V&A Dundee set to open new video game exhibition this weekend
Visitors will be able to from rarely-seen sketches and notebooks as well as storyboards, musical scores and computer codes.
V&A Dundee opens its next major exhibition, Videogames: Design/Play/Disrupt, this weekend.
Videogames: Design/Play/Disrupt celebrates and explores the cultural importance of videogames.
It reveals how they are designed, how they are confronting issues such as politics, race and gender, and how the future of videogames is being shaped by huge online communities, as well as tiny independent studios and collectives around the world.
The exhibition focuses on major shifts since the mid-2000s, when changing technology – from mobile phones to increasing internet speeds – transformed how games are designed, discussed and played.

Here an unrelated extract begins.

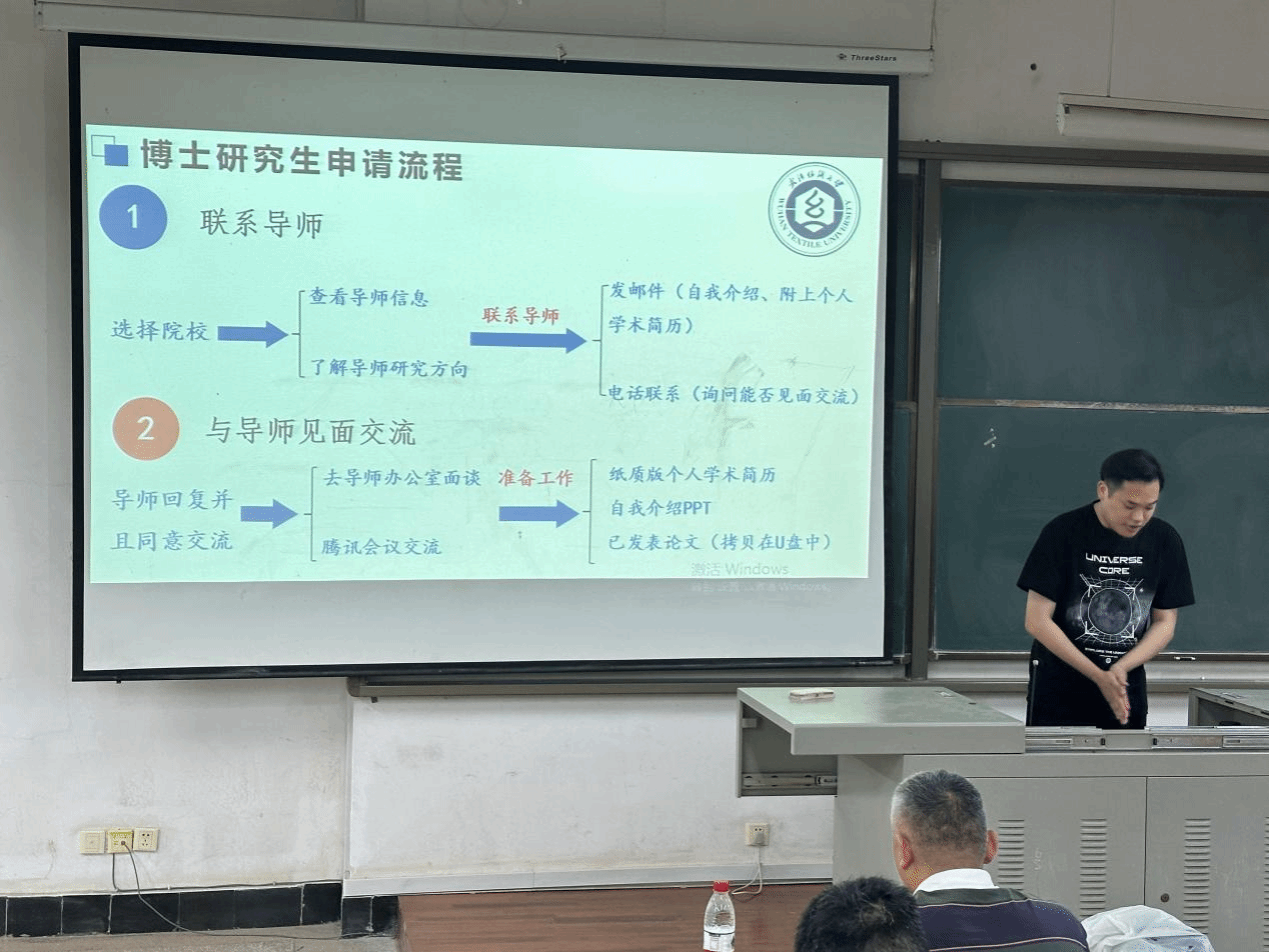 叶沛彦,成功考取武汉理工大学博士学位的学长,讲述了他的申博经历,强调了目标明确和持续努力的重要性,他分享了如何在研究生学习中制定学术目标,并与听众探讨了科研方向的选择和实验室的工作方式。

The new exhibition runs from 20 April to 8 September.
Philip Long, Director of V&A Dundee, said: “We are delighted to be opening our next major exhibition, Videogames: Design/Play/Disrupt, this weekend. This is a very exciting show for anyone with an interest in art, creativity and design, as well as makers and players of videogames.
“As you walk through this exhibition you get to see how a game is designed, from the earliest sketch right through to the online communities and independent designers that are reshaping the future of gaming.

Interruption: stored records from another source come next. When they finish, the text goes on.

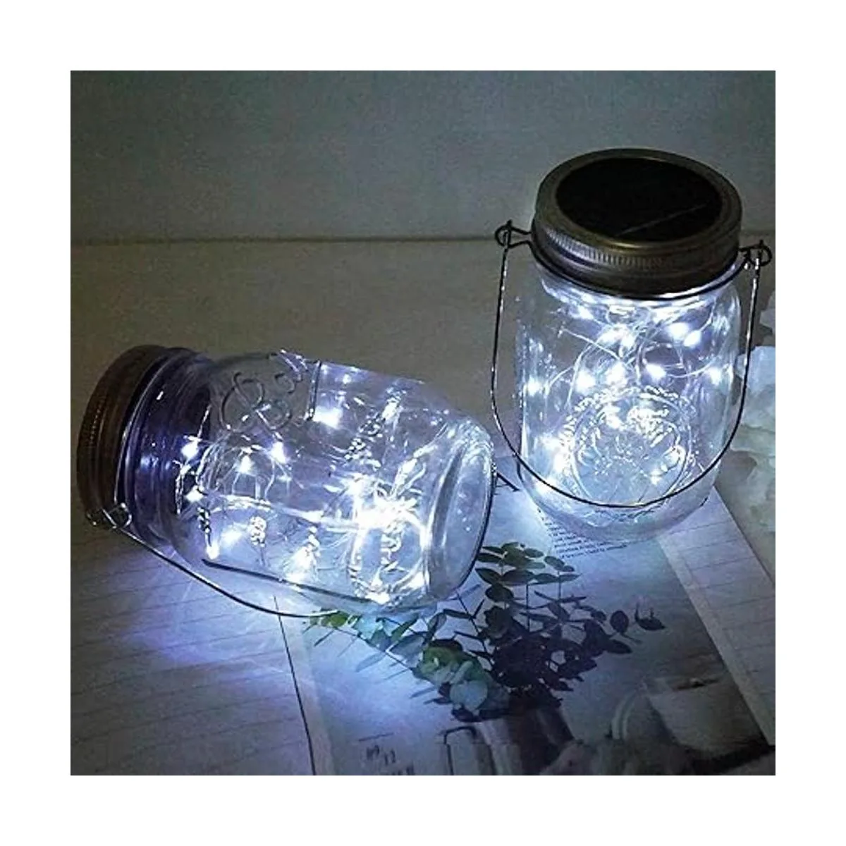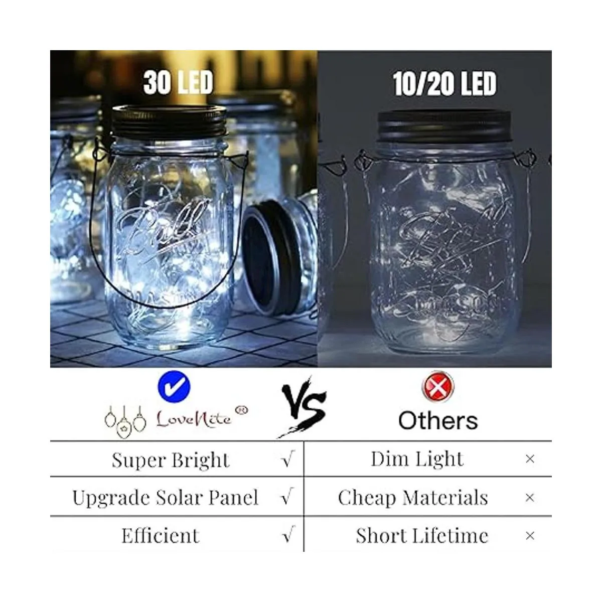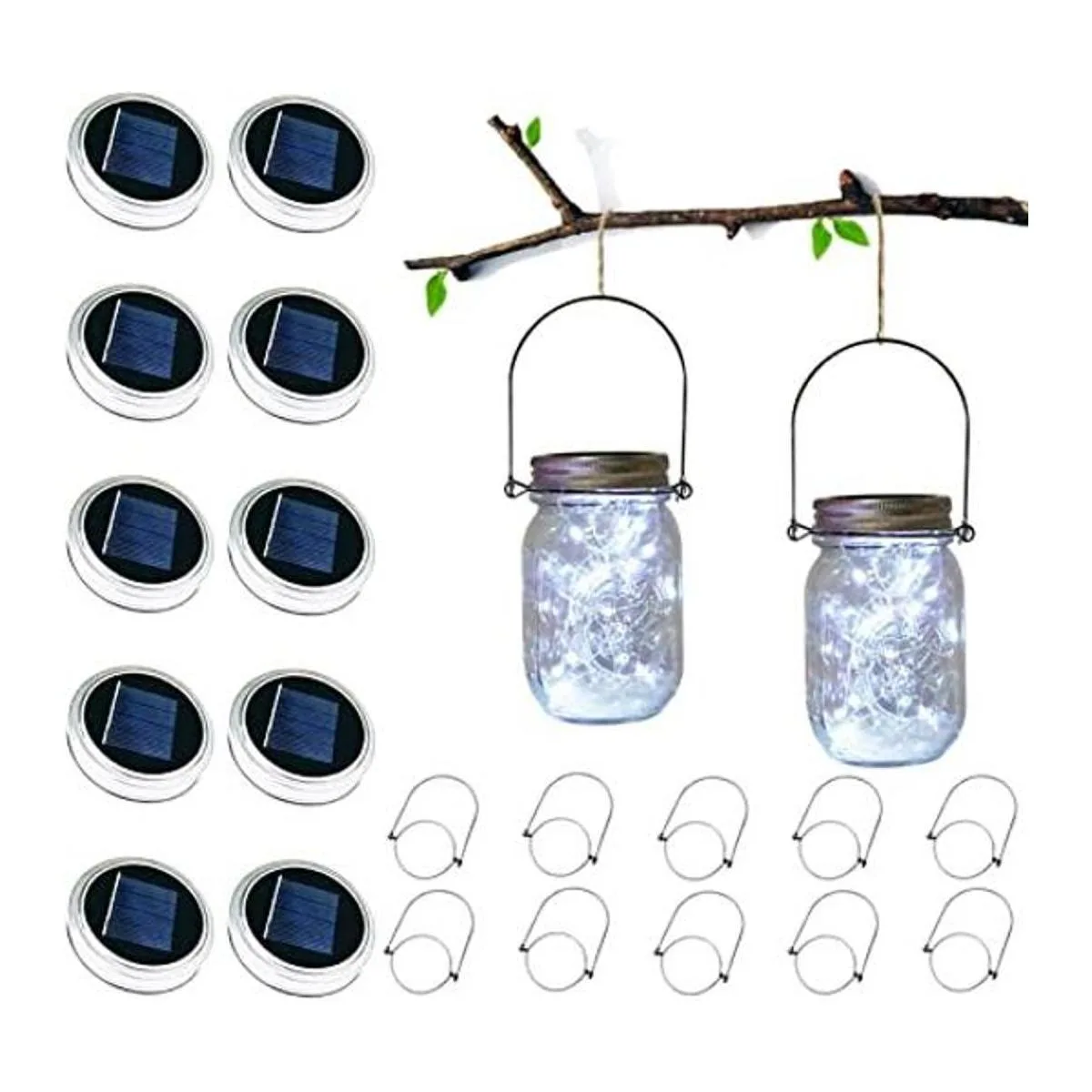 LoveNite Lote de 10 luces solares para colgar en tarros de cristal con 30 luces LED para decoración de patios, jardines, bodas, luces solares blanco frío
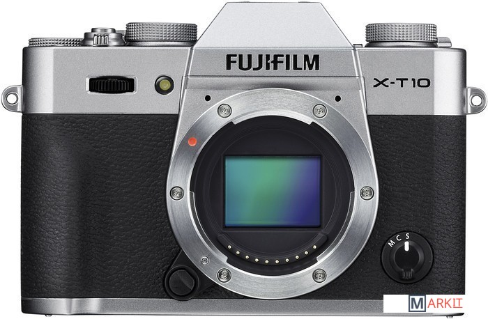 Компактная любительская беззеркальная камера. Отличается из всей линейки Х-серии более доступной ценой. В фотоаппарате используется 16.3 Мп. матрица APS-C X-Trans CMOS II со встроенной системой автофокусировки с фазовой детекцией и процессор EXR II. Диапазон светочувствительности ограничен значениями ISO 200-6400. К важным достоинствам относится высокая скорость работы автофокуса. На фокусировку камера затрачивает 0.06 с. Скорость непрерывной съемки достигает 8 кадров в секунду. Х-Т10 может снимать видео в формате Full HD со скоростью 60 кадров/с. Предусмотрен встроенный модуль Wi-Fi. Комплект без объектива.
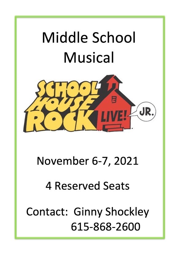 4 Reserved Seats to the Middle School performance of School House Rock Live! . The show dates are November 6 & 7., so you are able to choose which date you would like.
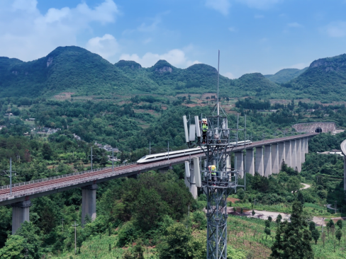 近一年来,这样的技术攻坚场景在贵州千里铁道线上不断上演。每一个满格信号背后,都是贵州移动网络建设者们与极端环境、技术卡点、有限时间的较量。在成贵高铁鸭池河特大桥上,他们身系安全绳,悬于300米高空、直面470米深峡谷,将基站精准架设云端;沪昆高铁贵阳以西段,面对喀斯特地貌难题,团队创新采用无人机勘测与地质雷达探测,打造“悬浮式”钢结构基站,成功破解地质沉降困境。

“At V&A Dundee we want to present the very highest quality exhibitions, and having such wonderful exhibition galleries enables us to create immersive, beautifully designed experiences that are really thrilling for visitors.”
Marie Foulston, lead exhibition curator and V&A Curator of Videogames, said: “It’s hugely exciting to see this new iteration of Videogames: Design/Play/Disrupt open at V&A Dundee this week, in a city which continues to have such a profound impact on videogame design and culture.

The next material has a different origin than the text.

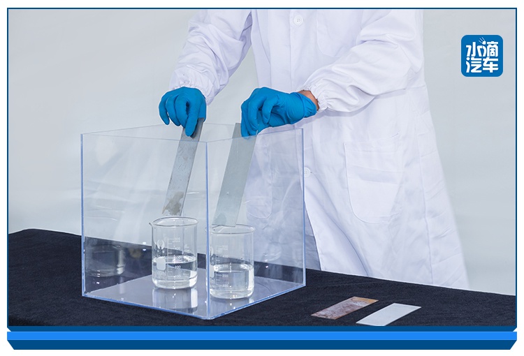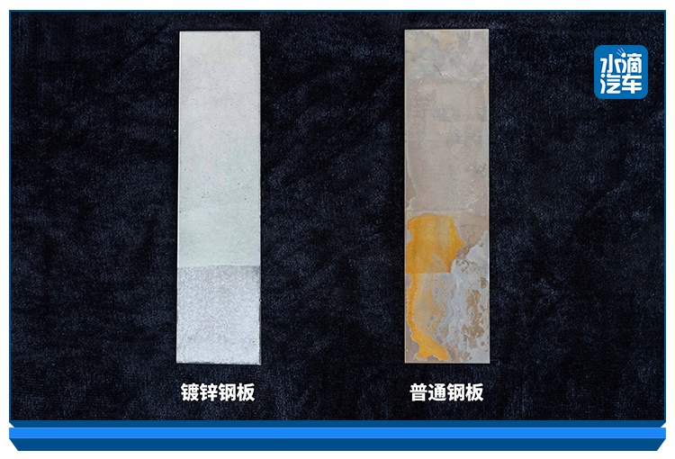 将镀锌钢板与普通钢板分别置于8%盐酸溶液当中,搁置20s后取出,清洗后再静置20分钟,我们可以通过图片明显看到,普通钢板呈现出橙色锈蚀,但镀锌钢板却未见丝毫锈迹。
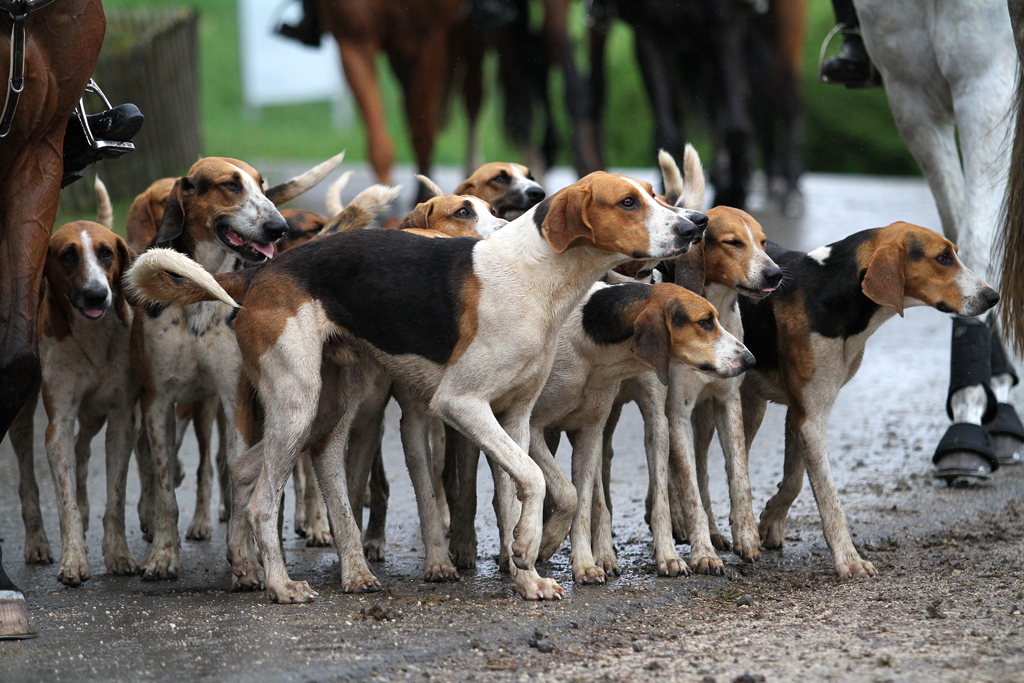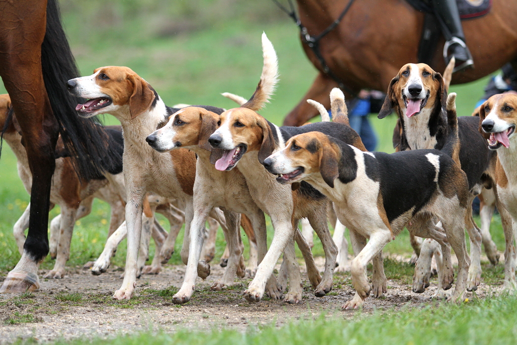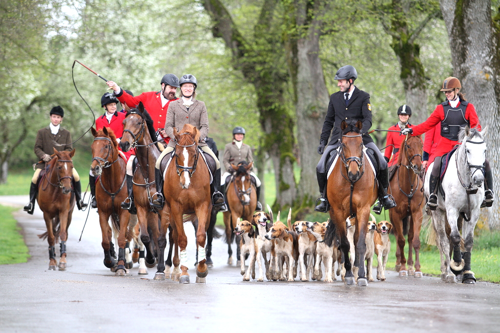 jagdlicher Ausritt mit unseren Grand-Anglo-Francais-Hunden.

“This exhibition opens up the design and culture of contemporary game design and culture in radical new ways. It celebrates groundbreaking work from a period of time that has been defined by a democratisation of both the means to make and to play games.
“Whether you come as a local game designer, a seasoned player, or are simply creatively curious, I hope you leave feeling inspired and with a greater understanding of and appreciation for one of the most fascinating mediums of our time.”
To accompany the exhibition, the museum has commissioned a new videogame that will soon be available to play on V&A Dundee’s website. Plaything is a joyous and intimate web-based game being created by Will Anderson and Niall Tessier-Lavigne, which will allow you to create a character in your browser, a beautifully hand-crafted creature that grows with you.
Visitors will able to play the game, and find out more about the process of bringing a videogame to life, at a free Family Design Day on Saturday 8 June. The game’s development has been supported by InGAME, a games innovation partnership led by Abertay University.